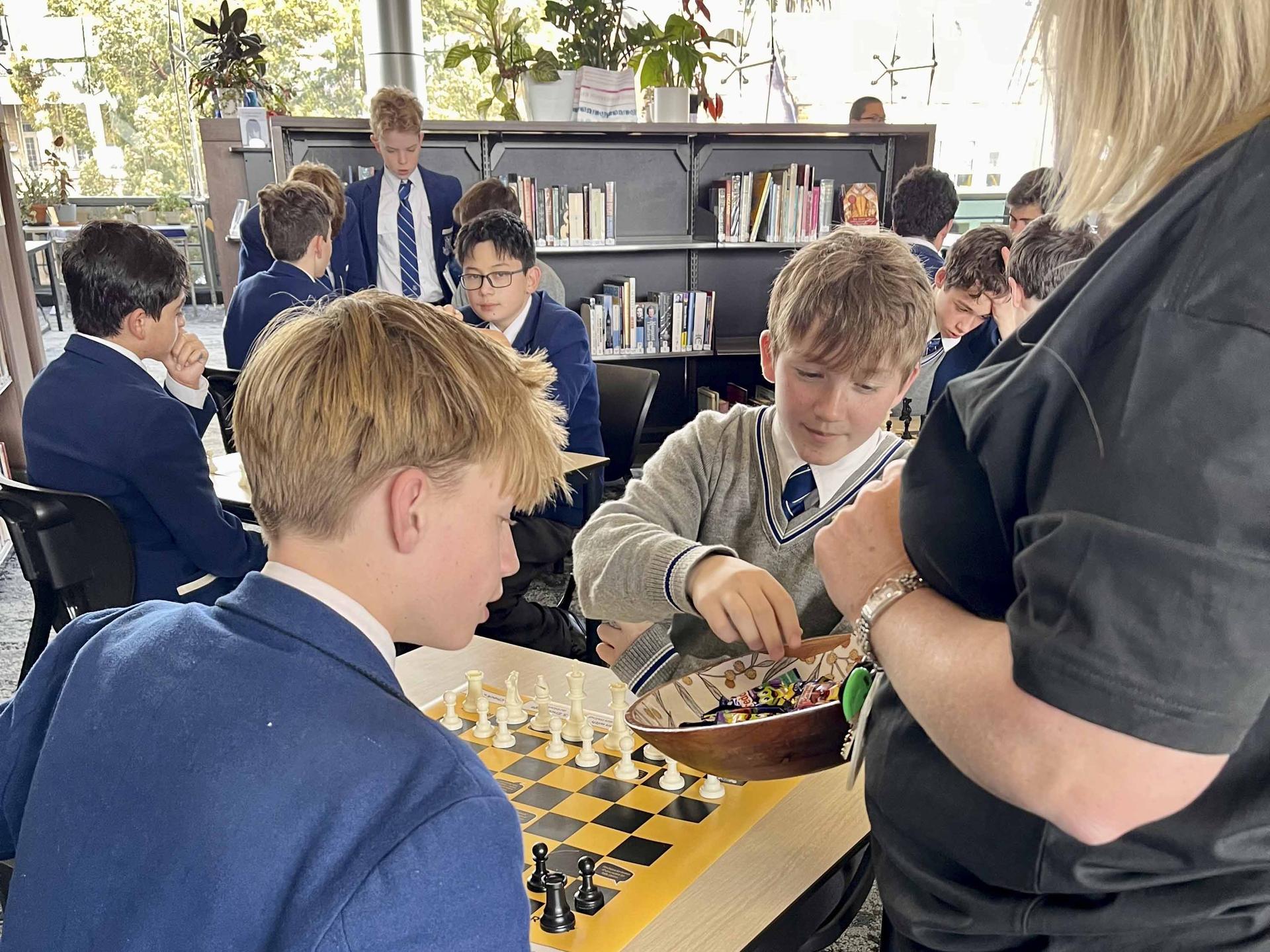 During recess there was a game of conversation bingo that involved answering some conversation starter questions. During lunch it was chess with the conversation starters.
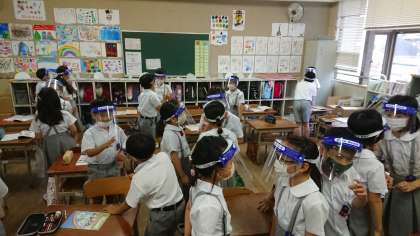 友だちとドキドキしながら、英語であいさつをしあいました。
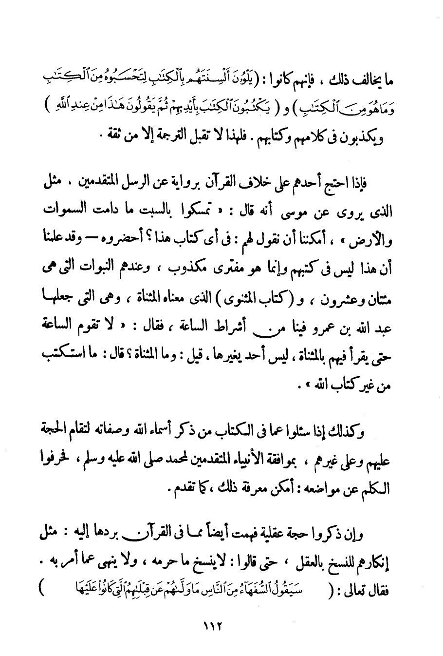 فَإِذَا احْتَجَّ أَحَدُهُمْ عَلَى خِلَافِ الْقُرْآنِ بِرِوَايَةِ عَنْ الرُّسُلِ الْمُتَقَدِّمِينَ مِثْلُ الَّذِي يُرْوَى عَنْ مُوسَى أَنَّهُ قَالَ: " تَمَسَّكُوا بِالسَّبْتِ مَا دَامَتْ السَّمَوَاتُ وَالْأَرْضُ " أَمْكَنَنَا أَنْ نَقُولَ لَهُمْ: فِي أَيِّ كِتَابٍ هَذَا؟ أَحْضِرُوهُ - وَقَدْ عَلِمْنَا أَنَّ هَذَا لَيْسَ فِي كُتُبِهِمْ وَإِنَّمَا هُوَ مُفْتَرًى مَكْذُوبٌ وَعِنْدَهُمْ النُّبُوَّاتُ الَّتِي هِيَ مِئَتَانِ وَعِشْرُونَ و (كِتَابُ الْمَثْنَوِيِّ الَّذِي مَعْنَاهُ الْمُثَنَّاةُ وَهِيَ الَّتِي جَعَلَهَا عَبْدُ اللَّهِ بْنُ عَمْرٍو فِينَا مِنْ أَشْرَاطِ السَّاعَةِ فَقَالَ: " لَا تَقُومُ السَّاعَةُ حَتَّى يُقْرَأَ فِيهِمْ بِالْمُثَنَّاةِ لَيْسَ أَحَدٌ يُغَيِّرُهَا قِيلَ: وَمَا الْمُثَنَّاةُ؟ قَالَ: مَا اُسْتُكْتِبَ مِنْ غَيْرِ كِتَابِ اللَّهِ ". وَكَذَلِكَ إذَا سُئِلُوا عَمَّا فِي الْكِتَابِ مِنْ ذِكْرِ أَسْمَاءِ اللَّهِ وَصِفَاتِهِ لِتُقَامَ الْحُجَّةُ عَلَيْهِمْ وَعَلَى غَيْرِهِمْ بِمُوَافَقَةِ الْأَنْبِيَاءِ الْمُتَقَدِّمِينَ لِمُحَمَّدِ صَلَّى اللَّهُ عَلَيْهِ وَسَلَّمَ فَحَرَّفُوا الْكَلِمَ عَنْ مَوَاضِعِهِ: أَمْكَنَ مَعْرِفَةُ ذَلِكَ كَمَا تَقَدَّمَ. وَإِنْ ذَكَرُوا حُجَّةً عَقْلِيَّةً فُهِمَتْ أَيْضًا مِمَّا فِي الْقُرْآنِ بِرَدِّهَا إلَيْهِ: مِثْلُ إنْكَارِهِمْ لِلنَّسْخِ بِالْعَقْلِ حَتَّى قَالُوا: لَا يُنْسَخُ مَا حَرَّمَهُ وَلَا يُنْهَى عَمَّا أَمَرَ بِهِ. فَقَالَ تَعَالَى: {سَيَقُولُ السُّفَهَاءُ مِنَ النَّاسِ مَا وَلَّاهُمْ عَنْ قِبْلَتِهِمُ الَّتِي كَانُوا عَلَيْهَا}

THE TASK
Return the complete material above exactly, with no picture.

RESULT OF THIS TASK
 During recess there was a game of conversation bingo that involved answering some conversation starter questions. During lunch it was chess with the conversation starters.
 友だちとドキドキしながら、英語であいさつをしあいました。
 فَإِذَا احْتَجَّ أَحَدُهُمْ عَلَى خِلَافِ الْقُرْآنِ بِرِوَايَةِ عَنْ الرُّسُلِ الْمُتَقَدِّمِينَ مِثْلُ الَّذِي يُرْوَى عَنْ مُوسَى أَنَّهُ قَالَ: " تَمَسَّكُوا بِالسَّبْتِ مَا دَامَتْ السَّمَوَاتُ وَالْأَرْضُ " أَمْكَنَنَا أَنْ نَقُولَ لَهُمْ: فِي أَيِّ كِتَابٍ هَذَا؟ أَحْضِرُوهُ - وَقَدْ عَلِمْنَا أَنَّ هَذَا لَيْسَ فِي كُتُبِهِمْ وَإِنَّمَا هُوَ مُفْتَرًى مَكْذُوبٌ وَعِنْدَهُمْ النُّبُوَّاتُ الَّتِي هِيَ مِئَتَانِ وَعِشْرُونَ و (كِتَابُ الْمَثْنَوِيِّ الَّذِي مَعْنَاهُ الْمُثَنَّاةُ وَهِيَ الَّتِي جَعَلَهَا عَبْدُ اللَّهِ بْنُ عَمْرٍو فِينَا مِنْ أَشْرَاطِ السَّاعَةِ فَقَالَ: " لَا تَقُومُ السَّاعَةُ حَتَّى يُقْرَأَ فِيهِمْ بِالْمُثَنَّاةِ لَيْسَ أَحَدٌ يُغَيِّرُهَا قِيلَ: وَمَا الْمُثَنَّاةُ؟ قَالَ: مَا اُسْتُكْتِبَ مِنْ غَيْرِ كِتَابِ اللَّهِ ". وَكَذَلِكَ إذَا سُئِلُوا عَمَّا فِي الْكِتَابِ مِنْ ذِكْرِ أَسْمَاءِ اللَّهِ وَصِفَاتِهِ لِتُقَامَ الْحُجَّةُ عَلَيْهِمْ وَعَلَى غَيْرِهِمْ بِمُوَافَقَةِ الْأَنْبِيَاءِ الْمُتَقَدِّمِينَ لِمُحَمَّدِ صَلَّى اللَّهُ عَلَيْهِ وَسَلَّمَ فَحَرَّفُوا الْكَلِمَ عَنْ مَوَاضِعِهِ: أَمْكَنَ مَعْرِفَةُ ذَلِكَ كَمَا تَقَدَّمَ. وَإِنْ ذَكَرُوا حُجَّةً عَقْلِيَّةً فُهِمَتْ أَيْضًا مِمَّا فِي الْقُرْآنِ بِرَدِّهَا إلَيْهِ: مِثْلُ إنْكَارِهِمْ لِلنَّسْخِ بِالْعَقْلِ حَتَّى قَالُوا: لَا يُنْسَخُ مَا حَرَّمَهُ وَلَا يُنْهَى عَمَّا أَمَرَ بِهِ. فَقَالَ تَعَالَى: {سَيَقُولُ السُّفَهَاءُ مِنَ النَّاسِ مَا وَلَّاهُمْ عَنْ قِبْلَتِهِمُ الَّتِي كَانُوا عَلَيْهَا}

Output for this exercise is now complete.